Relator adianta posição sobre temas centrais

Barbosa indica que deve considerar ilegais as operações bancárias envolvendo o Rural e as agências de Valério

EDUARDO BRESCIANI, RICARDO BRITO / BRASÍLIA, O Estado de S.Paulo

21 de agosto de 2012 | 03h06

Apesar do voto de forma "fatiada", o relator do processo do mensalão no Supremo Tribunal Federal, ministro Joaquim Barbosa, vem antecipando sua posição sobre alguns dos temas centrais do julgamento. Para ele, o esquema foi abastecido com recursos públicos, os empréstimos no Banco Rural foram simulados e a instituição montou um sistema de lavagem de dinheiro junto com o publicitário Marcos Valério.

Barbosa já deu amostras também de que não aceitará a tese de caixa 2 para justificar o recebimento de recursos, nem que os acusados não soubessem que o dinheiro vinha da agência de Valério. O relator deixou clara a sua posição sobre os empréstimos, ao falar ontem sobre o que considera desvios de recursos no Banco do Brasil. "A SMPB, a DNA e a Graffiti simularam empréstimos, principalmente junto ao Banco Rural, em importante etapa na lavagem de recursos do Banco do Brasil", afirmou. "As empresas não tinham capacidade financeira para realizar empréstimos com valores tão elevados."

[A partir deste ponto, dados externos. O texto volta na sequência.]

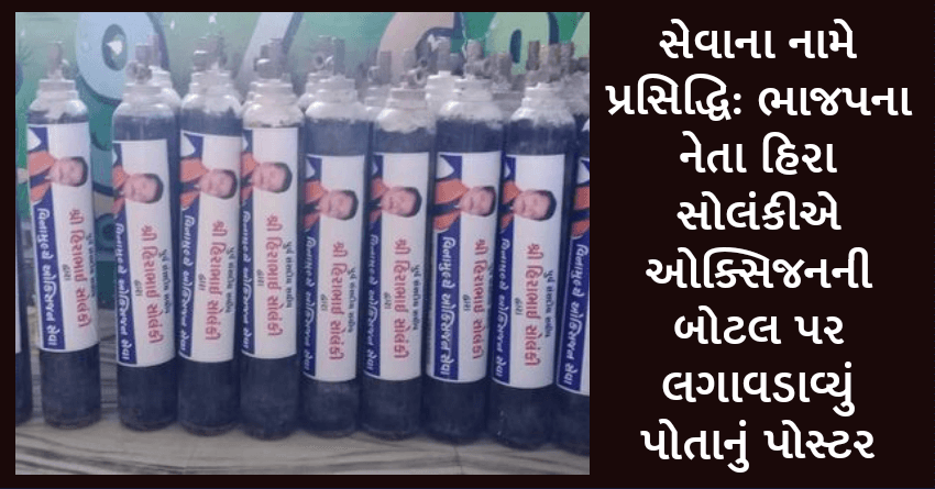 સેવાના નામે પ્રસિદ્ધિ: ભાજપના નેતા હિરા સોલંકીએ ઓક્સિજનની બોટલ પર લગાવડાવ્યું પોતાનું પોસ્ટર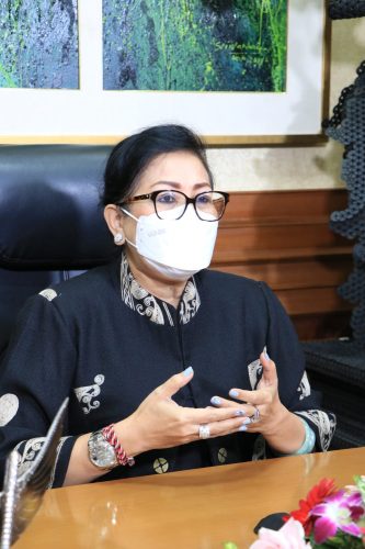 Denpasar – Ketua Umum Dewan Kerajinan Nasional Daerah (Dekranasda) Provinsi Bali Ny. Putri Suastini Koster tampil menjadi narasumber pada Dialog Indonesia Bicara TVRI Nasional yang mengusung tema ‘Selamatkan Ekonomi Kreatif di Tengah Pandemi’, Senin (12/7/2021) malam. Selain Ny. Putri Koster yang tersambung melalui aplikasi zoom meeting dari ruang kerjanya di Gedung Jayasabha, dialog yang dipandu Presenter Anisa Larasati dari Studio IV News Room TVRI Pusat Jakarta menghadirkan dua narasumber yang juga terhubung secara daring yaitu Menteri Pariwisata dan Ekonomi Kreatif Sandiaga Salahuddin Uno dan Pemerhati Koperasi dan UMKM Agus Muharram.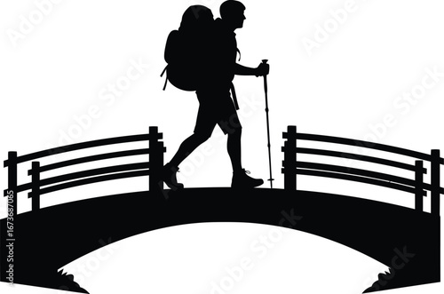 Silhouette of a hiker with a large backpack walking with trekking poles on a white background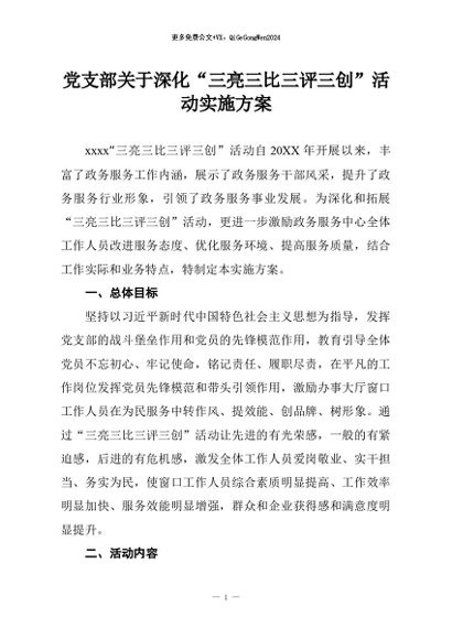 / 【七哥公文】2026年:党支部关于深化“三亮三比三评三创”活动实施方案+更多免费公文+VX:QiGeGongWen2024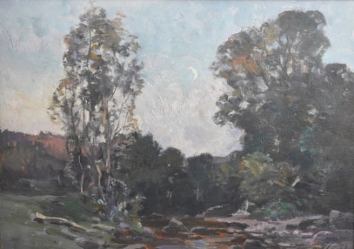 Alexander Carruthers Gould (1870-1948) pair of oil on board Exmoor river landscapes, both signed lower right 24 x 34cm, in ornate gilt frames

Foram denunciados por gestão fraudulenta relativa à concessão dos empréstimos quatro ex-dirigentes do Banco Rural: Kátia Rabello, José Roberto Salgado, Vinicius Samarane e Ayanna Tenório. Eles sustentam a legalidade, mas alegam também não ter vinculação direta com essa ação. Este será o próximo item a ser apreciado pelo STF. Os mesmos ex-dirigentes são também processados por lavagem de dinheiro.

Ontem, o criminalista Antônio Cláudio Mariz de Oliveira entregou novo memorial ao STF rebatendo a acusação contra Ayanna Tenório. Diz que ela ingressou no Rural em 2004 e não participou da celebração dos contratos de mútuos com as empresas de Marcos Valério com o PT e "jamais deles tratou".